キャリアローミング無料枠の比較(ahamo・楽天モバイル)
| 項目 | ahamo | 楽天モバイル |
|---|---|---|
| 追加料金 | なし(基本料金に込み) | 2GBまで無料 |
| 使える容量 | 月30GB(国内利用と合算) | 毎月2GBまで |
| 対象エリア | 91の国と地域 | 107の国と地域 |
| 超過・制限時 | 海外利用開始から15日経過後は最大128kbps | 超過後は最大128kbps |
| 制限の解除・追加 | データ追加でも解除不可。帰国して国内利用で解除 | 1GB 500円でチャージ可能 |
出典:ahamo公式・海外データ通信/楽天モバイル公式・海外ローミング(いずれも2026年8月2日確認・税込)
ahamo:短期旅行なら「そのまま使える」のが強い
ahamoは追加料金なし・追加手続きの契約変更なしで、月30GBの枠を91の国と地域でそのまま使えます(容量は国内利用と合算)。旅行前に何かを買い足す必要がないのは、他社にない手軽さです。ただし重要な制限がひとつ。海外での利用開始から15日を経過すると、通信速度が最大128kbpsに制限されます。この制限はデータを追加購入しても解除されず、帰国して国内利用に戻ることで解除されます。1〜2週間の旅行なら気になりませんが、15日を超える滞在では後述の海外eSIM併用が現実的です。

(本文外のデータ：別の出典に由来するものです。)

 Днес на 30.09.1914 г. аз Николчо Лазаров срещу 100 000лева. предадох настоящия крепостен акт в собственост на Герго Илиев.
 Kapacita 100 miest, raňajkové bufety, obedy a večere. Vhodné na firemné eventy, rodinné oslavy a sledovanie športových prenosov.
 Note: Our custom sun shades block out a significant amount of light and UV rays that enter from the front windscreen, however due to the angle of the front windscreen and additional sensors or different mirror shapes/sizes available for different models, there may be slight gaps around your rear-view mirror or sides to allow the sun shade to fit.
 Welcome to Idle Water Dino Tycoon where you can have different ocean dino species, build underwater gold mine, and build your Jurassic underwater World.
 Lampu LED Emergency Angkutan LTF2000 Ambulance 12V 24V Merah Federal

楽天モバイル:毎月2GB+500円チャージの安心設計
楽天モバイルは毎月2GBまで海外ローミングが無料で、対象は107の国と地域。2GBを超えると最大128kbpsに制限されますが、1GBあたり500円でチャージして高速通信を続けられます。2GBは地図・検索・メッセージ中心なら数日分の目安にはなりますが、動画やSNSを頻繁に使う旅行では心もとない容量です。「基本は無料枠+足りない分だけチャージか海外eSIM」という組み立てが向いています。
海外eSIMの仕組みと買い方の流れ
海外eSIMは、渡航先で使えるデータ通信プランをアプリやWebで購入し、スマホに内蔵のeSIMとして書き込んで使うサービスです。物理SIMの差し替えも、空港でのWi-Fiルーター受け取りも要りません。Airalo・Ubigi・trifaなど複数のサービスがあり、行き先・日数・容量の組み合わせでプランを選ぶ形が一般的です。価格はサービス・行き先・時期で変わるため、購入前に各公式アプリで最新価格を確認してください。

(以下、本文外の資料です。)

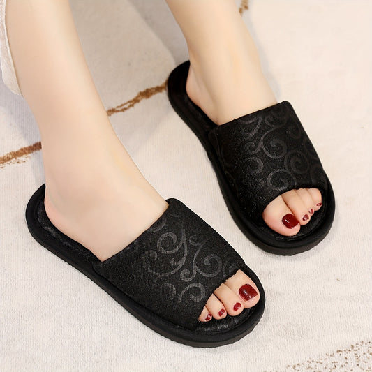 Women's Classic Open Toe Slippers, Vintage Style Soft Sole House Slides, Comfortable Cozy Indoor Footwear
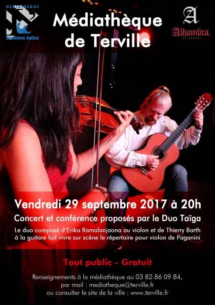 C’est au cœur de la musique de l’Italie classique que le Duo Taïga va vous emmener, pour un voyage dans l’univers d’un des plus grands musiciens de tous les temps : Niccolo PAGANINI. Violoniste, guitariste, compositeur, bête de scène, cette "rock star" de son époque est souvent adoré, nourrissant de nombreux mythes sur sa vie, il est l’un des musiciens les plus créatifs de son temps. C’est dans le répertoire écrit pour les deux instruments, qu’Erika et Thierry vont vous faire découvrir toute la finesse de son écriture. Ses œuvres d’une rare élégance, sont aussi un reflet du bel canto, très en vogue à son époque au sein de l’art de l’opéra. Pour terminer ce « concert-conférence », les artistes vous réservent des œuvres chaleureuses aux couleurs de l’Amérique latine, aux histoires passionnantes.
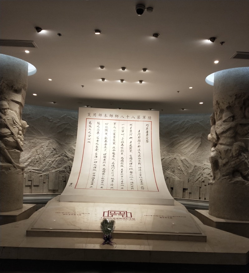 上海四行仓库抗战纪念馆展馆是以一封谢晋元在赴淞沪战场前写给妻子的家书开篇,展现了以谢晋元为代表的“八百壮士”在国难当前之际,舍家为国的家国情怀,展现出对抗战必胜的坚定决心。
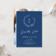 This elegant wedding save the date features a beautiful navy blue colour background, hand-drawn wildflower wreath, your initials, and elegant typography. On the back is your photo in vertical format. Photo on the back is removable if needed. It's a perfect design for a rustic yet elegant wedding! See the collection for more items!
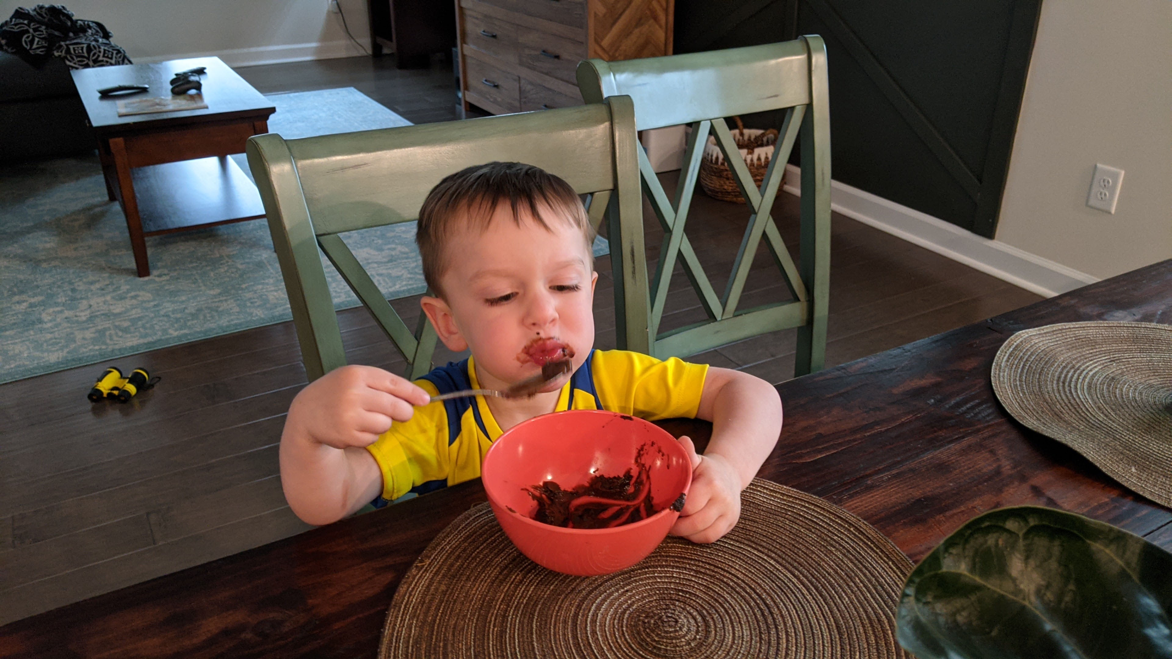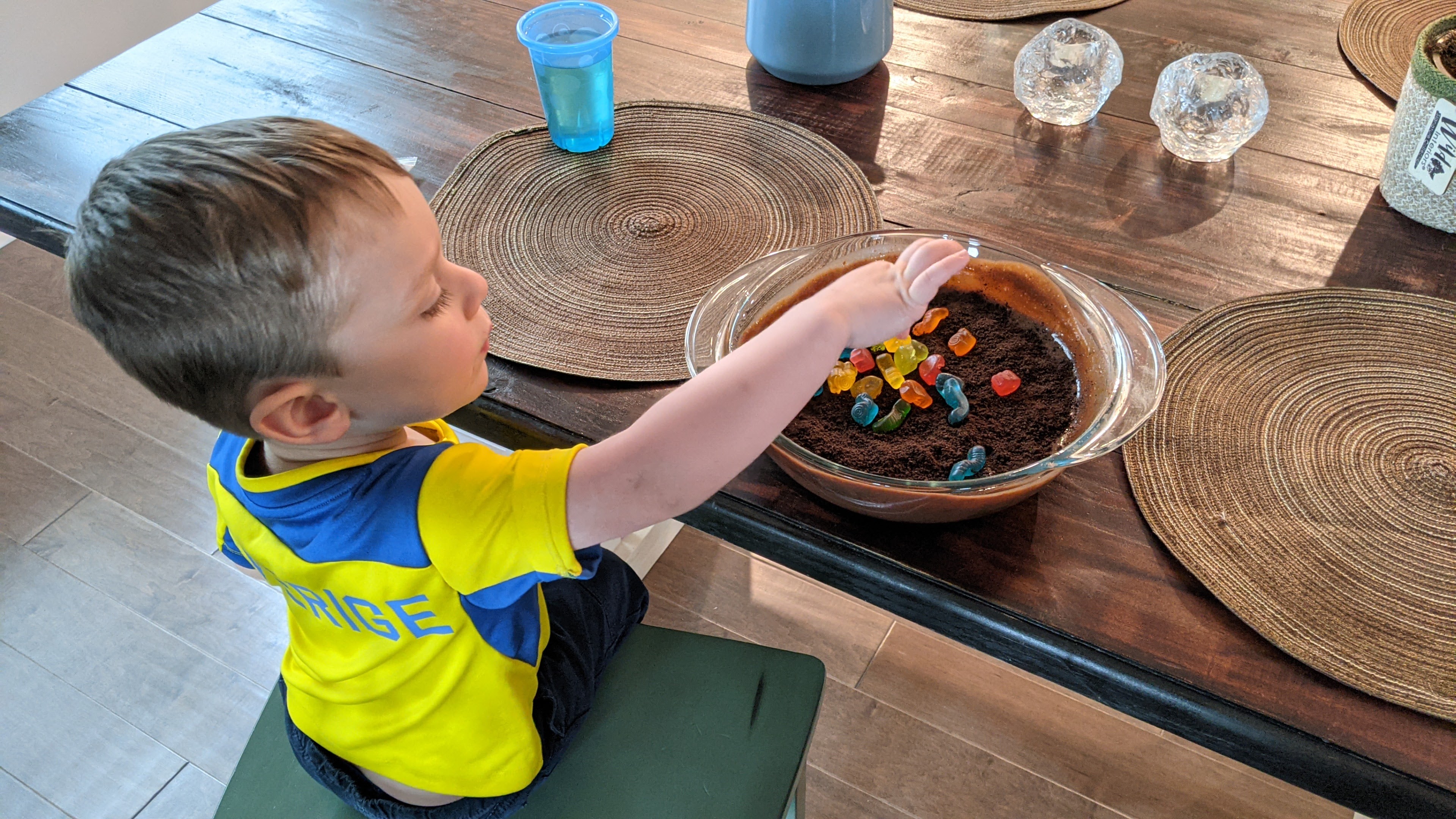 Like any culinary artist, Miles takes great pride in putting the finishing touches on Jell-O dirt dessert.
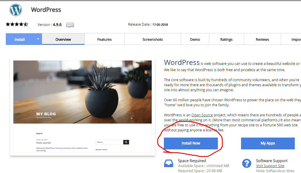 ➡ Tiếp theo là bạn kéo xuống, tìm biểu tượng wordpress và cài đặt
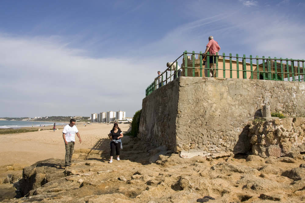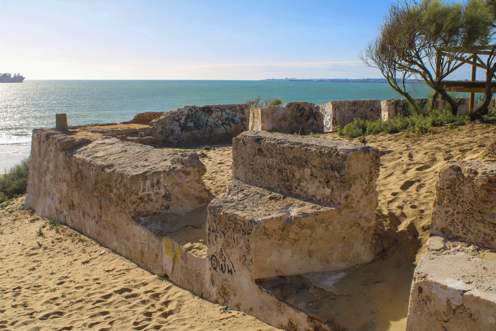 Recorriendo la costa partiendo de la desembocadura del Guadalete, la primera que encontramos en el Fortín de La Laja o Castillo de la Pólvora. Situado sobre un promontorio saliente a la izquierda de la desembocadura del Guadalete, tenía forma trapezoidal con la artillería dispuestas con dos lados en ángulo dirigidos hacia la boca del río. Contaba con varias estancias cubiertas, entre ellas un polvorín.

- アプリを入れる:出発前に日本でサービスの公式アプリをインストールし、アカウントを作る
- プランを選ぶ:行き先(単国か周遊か)・滞在日数・必要な容量で絞り込み、価格を公式アプリで確認して購入
- eSIMをインストール:アプリの案内かQRコードでeSIMプロファイルを端末に追加(Wi-Fi環境のある日本国内で済ませるのが安心)

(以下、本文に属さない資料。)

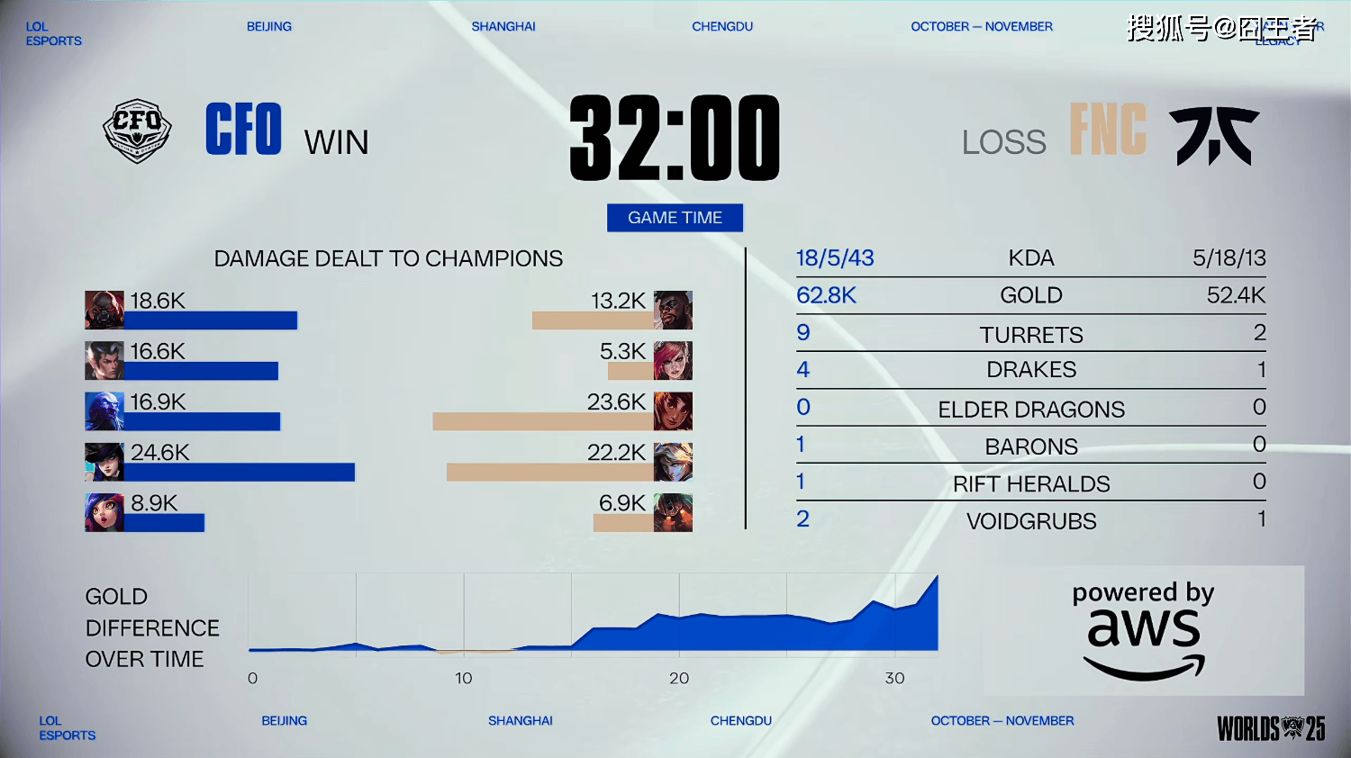 结果这一局比赛,双方也是前15分钟,打得比较激烈,经济咬得比较死,进入下半场后,CFO逐渐占据主动,赢下比赛。5分钟左右:双方上下半区激烈碰撞,Driver赛恩草丛满Q成功完成对位单杀;15分钟左右:妮蔻果断开团配合赛恩进场,CFO打出0换3拿下先锋推掉中一塔;18分钟左右:FNC双TP绕后失败,CFO再次击杀多人控下小龙奠定较大优势;22分钟左右:双方持续拉扯,CFO凭借优势卡住位置最终拿下厄塔汗;28分钟左右:CFO利用女警夹子卡住位置,成功控下大龙追击击杀多人;最终32分钟整:CFO推进成功连续击杀多人,随后顺利一波结束比赛
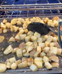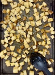 - Spread onto a large, rimmed baking sheet, making sure to leave some room between the potatoes.
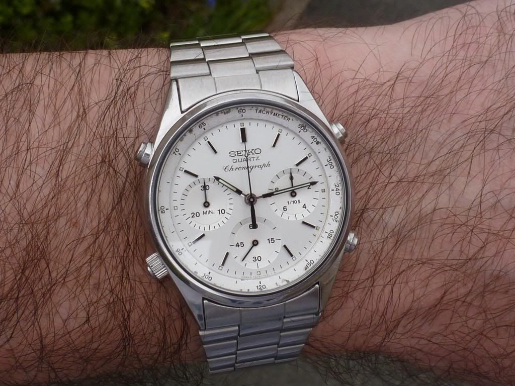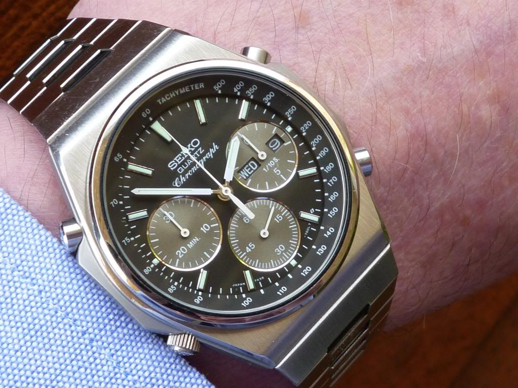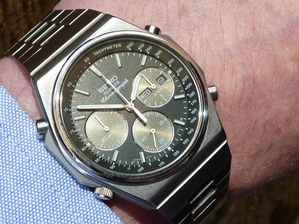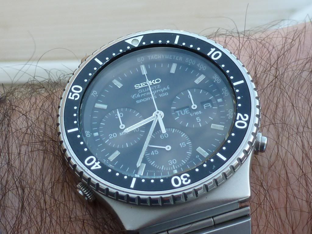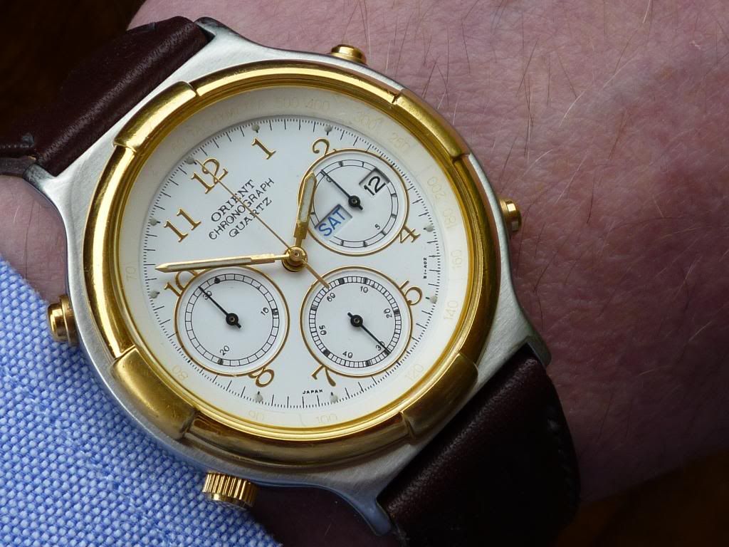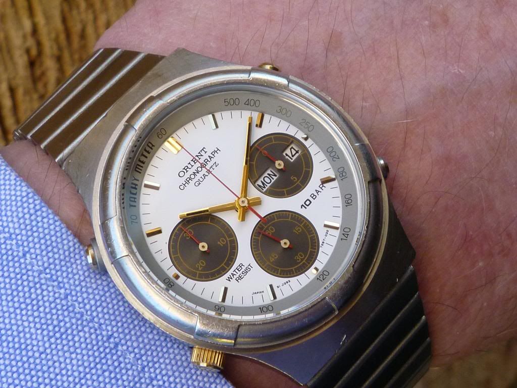 Well there's a first Chris ! Light's been pretty poor today, but I thought I'd try and do a better shot of this little Orient J39002-70. The last time I posted one the light was similarly crap, so I tried to enhance the image (not something I often bother with) by increasing the colour saturation. Fail. This one's not much better, but it's in 'natural' colours. Shows the water-damaged dial printing and the 'invisible' Tachymeter scale.

- 現地で有効化:到着後に回線を切り替えてアクティベート。日本のSIMはデータローミングをオフにしておく
eSIMそのものが初めての人へ
eSIMの基本的な仕組みや国内での切り替え手順はeSIMの乗り換え・切り替え手順の解説記事にまとめています。海外eSIMを使う前に、自分の端末でeSIMを扱う感覚を掴んでおくとトラブルがぐっと減ります。
海外eSIMを使う前の注意点
① 端末がeSIMに対応しているか
海外eSIMは当然ながらeSIM対応端末でしか使えません。近年のiPhoneや主要Android機の多くは対応していますが、購入前に各サービスの対応機種リストで自分の型番を確認しましょう。
② SIMロック・eSIMロックがかかっていないか
キャリアで購入した端末にSIMロックやeSIMの利用制限が残っていると、海外eSIMを追加できない場合があります。渡航前に設定画面や購入元キャリアでロック状態を確認しておくと安心です。
③ アクティベートのタイミングと設定
プランによっては、eSIMの有効化やデータ利用の開始と同時に利用期間のカウントが始まるものがあります。インストールは日本で、有効化は現地到着後、という切り分けを意識してください。また、現地では「海外eSIM側をデータ通信に指定し、日本のSIMのデータローミングをオフにする」設定を忘れると、意図せず日本側の回線で高額なローミング通信をしてしまう恐れがあります。
電話番号は日本のSIMのまま生きている
海外eSIMは基本的にデータ通信専用です。日本の電話番号あてのSMS(認証コードなど)は日本のSIM側に届くため、主回線を消したり抜いたりせず、デュアルSIMの状態で「音声・SMS=日本のSIM/データ=海外eSIM」と役割分担させるのが定石です。
KEN編集長のまとめ
海外データ通信の最適解は「契約中のキャリア」でほぼ決まります。ahamoユーザーは追加料金なしの30GB枠(ただし15日制限)、楽天モバイルユーザーは毎月2GBの無料枠+500円チャージをまず使い切る。この2社のユーザーなら、短期旅行で追加出費ゼロも現実的です。
それ以外のキャリアの人や、15日超の長期滞在・大容量が必要な人は、Airalo・Ubigi・trifaといった海外eSIMを行き先・日数・容量で比較して選びましょう。価格は変動するので購入前の公式アプリ確認が鉄則。旅行を機に「そもそも普段のプランはこのままでいいのか」を見直すのもおすすめです。